Tengo el placer de presentaros el Centro de Psicología Sara Escudero, un espacio para el cuidado de la mujer y de nuestra salud mental, con más de 12 años de experiencia situado en Madrid.

En los últimos años han podido acompañar a mujeres en el proceso de aceptación de noticias tan impactantes como las dificultades para ser mamás o el aceptar diagnósticos como Endometriosis o Fibromialgia.

Es de vital importancia saber como hacer frente a estas noticias; en muchos casos las pacientes hemos pasado por todos los servicios sanitarios, buscando una explicación a nuestros dolores, a síntomas, cansancio crónico.

Cuando acudimos a la consulta de un profesional llegamos no sólo con dolor físico sino también con mucho dolor psíquico a consecuencia de la incertidumbre en la espera de un diagnóstico que tarda años en llegar. Descolocadas y en muchos casos rotas por el impacto que genera el diagnóstico, primero por el desconocimiento del término y después por lo que conlleva una nueva forma de vida con la enfermedad.

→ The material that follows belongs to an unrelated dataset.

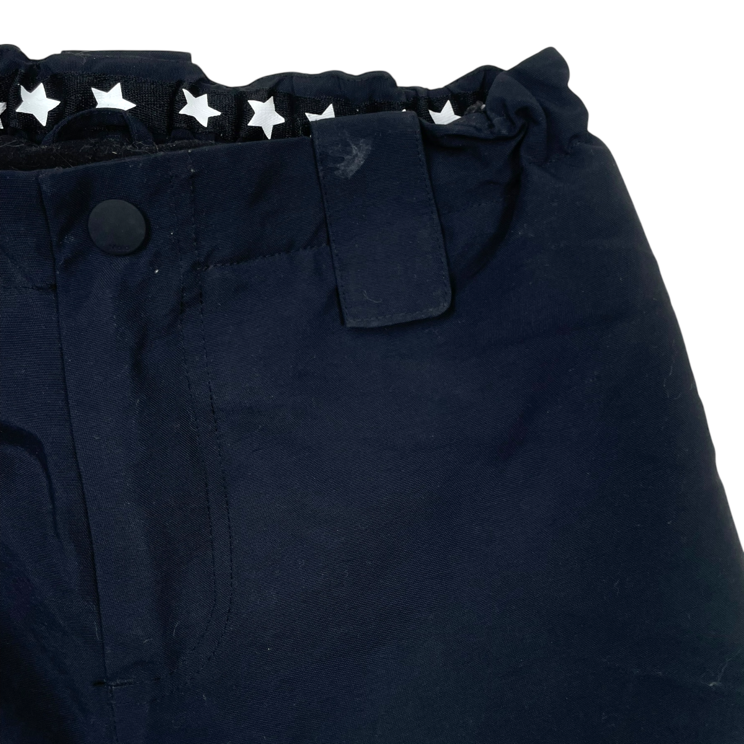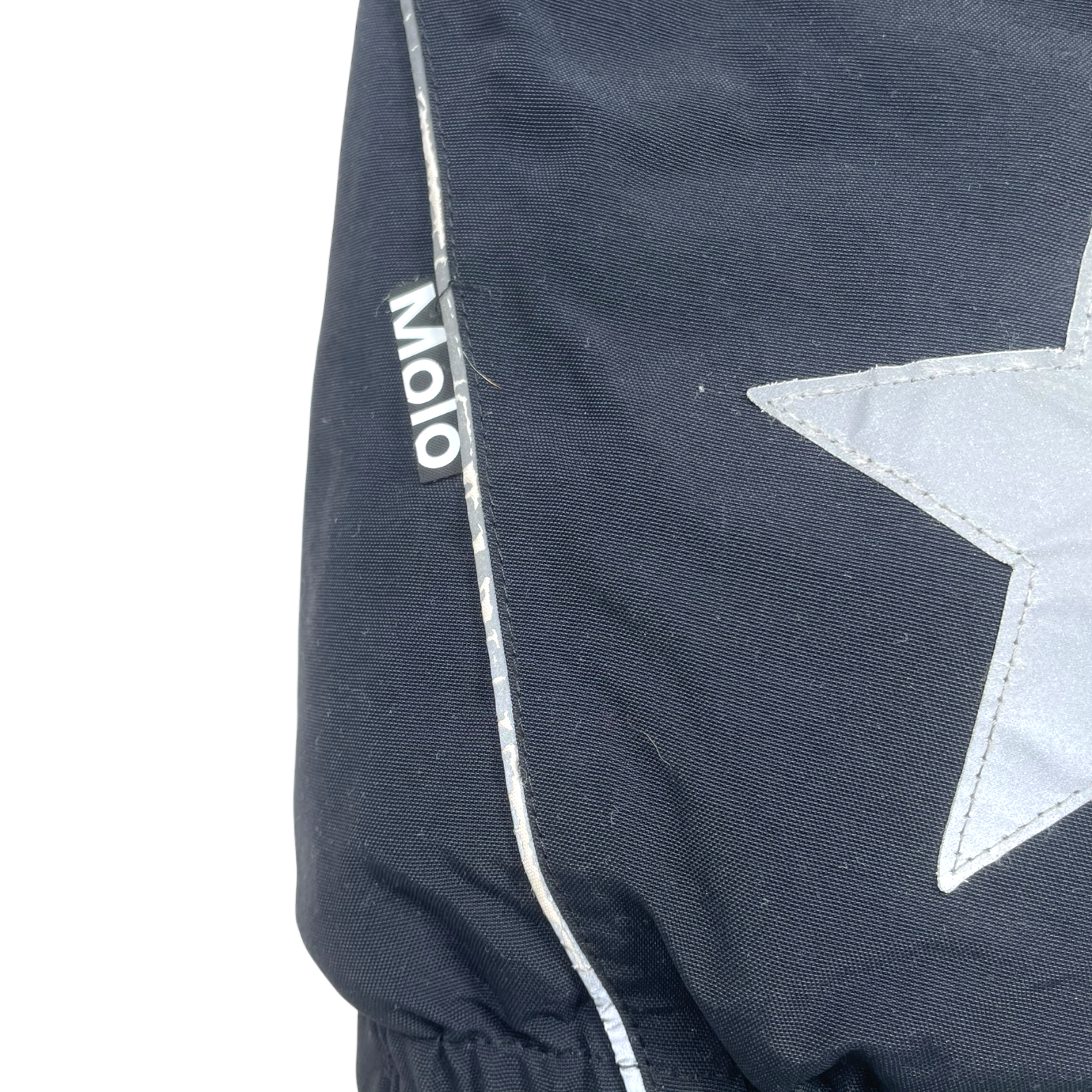 Molo Pollux Active is a pair of waterproof, lined ski trousers in black with an elastic waist, snaps and zip closure. They have Molo's iconic star reflectors on the back. They have taped seams and are constructed in windproof, waterproof and breathable materials.

En este proceso es muy importante el apoyo psicológico, el sentirse escuchadas y el poder aceptar y afrontar la enfermedad y sus síntomatología. El impacto emocional es tan intenso que sentimos tristeza, desesperanza, pérdida de ilusión, miedo, incertidumbre, limitaciones por los síntomas…pero podemos aceptar el diagnóstico y aprender a vivir con ello de otra forma.

Es posible recuperar el ánimo, aprender a vivir percibiendo como único cada instante de nuestra vida.

¿Sabías que es posible reducir el dolor mediante herramientas como la relajación, la visualización y la atención selectiva a estímulos exteriores?

Hay una frase de Marta Ligioiz que me gustaría compartir con todas vosotras “El principio de una maga es valorar todo cuanto existe y tiene, admirar la vida porque conoce sus secretos, esos secretos a voces que no escuchas ahora porque no prestas atención. Atención a tu cuerpo, al canto de los pájaros, a un atardecer, al andar de un anciano, a sentir frío en tu piel, el calor, la música y el sol”.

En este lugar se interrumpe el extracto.